Yellow = High order Red = medium order
Blue =Low order Green = service Brown = Vacant
The bar graph showing the amount of shops in each area of goods
Analysis of graph:
We can clearly see that services have the highest number of shops, then medium order goods, then low order, then high order and vacant shops were in the minority.
This bar graph shows that most shops in Ormskirk are services and that only 9 shops were vacant.
My Rn Value
My Rn value was 0.70067142, which I have rounded down to 0.70. Using the diagram and connecting the Rn point to (n). On the sheet below this indicates that there is a tendency to cluster with medium order good shops.

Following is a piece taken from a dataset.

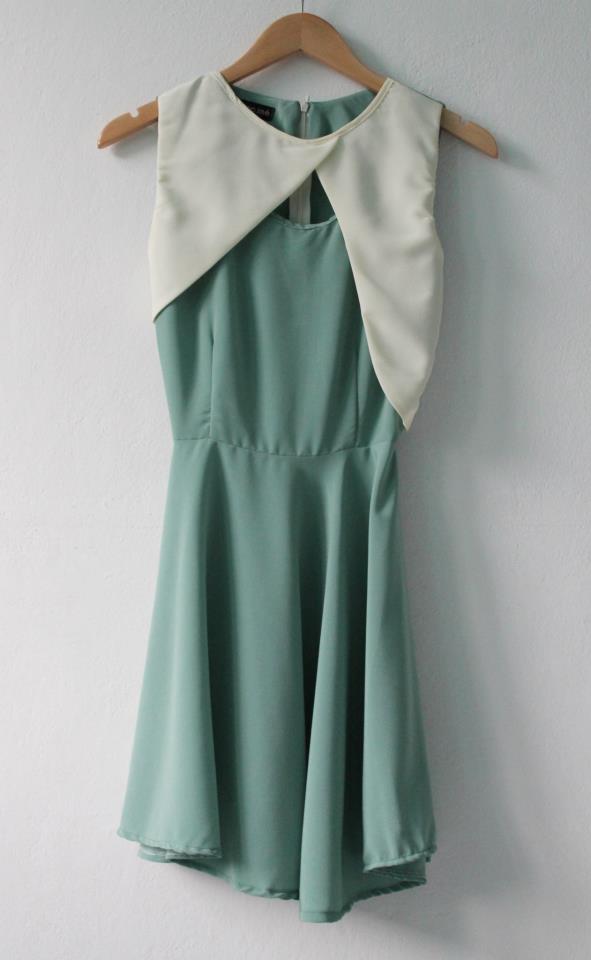 New** Dress สีเขียวพาสเทล ปกสีครีม ซิปหลัง เอวเป็นยางยืดเฉพาะด้านหลัง ชุดนี้ไม่มีซับในค่ะ

This distribution of medium order goods was probably due to competition, most shops will group together if they are selling the same sort of items.
Shop owners who are setting up shops would usually want to set up close to the town center as it is were all the shops meet together. This would cause clustering around the town center.

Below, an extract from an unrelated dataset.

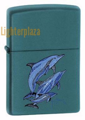 Zippo lighter 2002. ZIPPO SPOTTED DOLPHIN. GUY HARVEY DESIGN. Teal Matte finish.
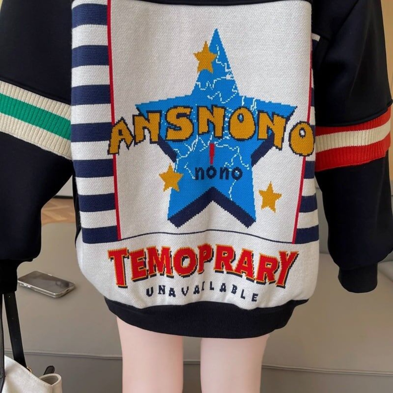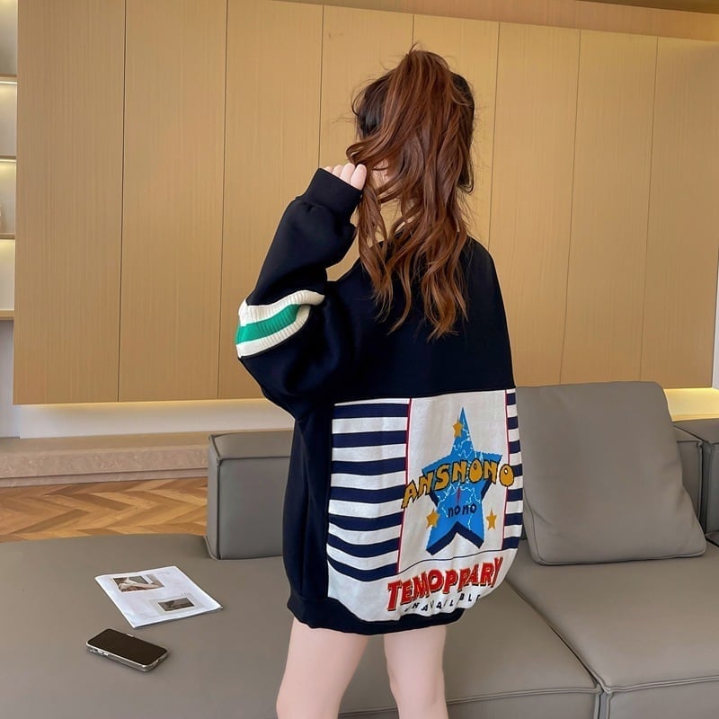 着せ 切り替えブラック 星柄グラフィックロゴ スウェット<S-4373>

Customers will want to compare prices of similar items so if shops are clustered together, this will make it a lot more easier to do, E.g. clothes and shoe shops tend to cluster.
Using my tracing paper and my numbered map I can see that medium order goods tend to cluster in random areas of Ormskirk. Many of the shops that tend to cluster are clothes shops, shoe shops and bookshops. These are the most common shops in this area, so I can conclude that medium order goods cluster but randomly.
Nearest neighbor analysis
This will allow me to describe the distribution of medium order goods/shops.
Rn=2d √ n/a 72.7
Rn = 2 1.4254901
= 2 x 1.43 √51/840 1.43 2.d.p
0.70
Evaluation of hypothesis one:
Looking back at my data I can see that my data has been reliable enough to make accurate predictions and those predictions were correct.
My collection and classification system is good, but to improve it I could classify the shops in terms of goods so a pet shop could be classed as medium order.
When I was plotting the data the map was moving about so it was often hard to keep track of where everything was.
My tracing paper shows resemblance to my nearest neighbor analysis, however my nearest neighbor is far more accurate.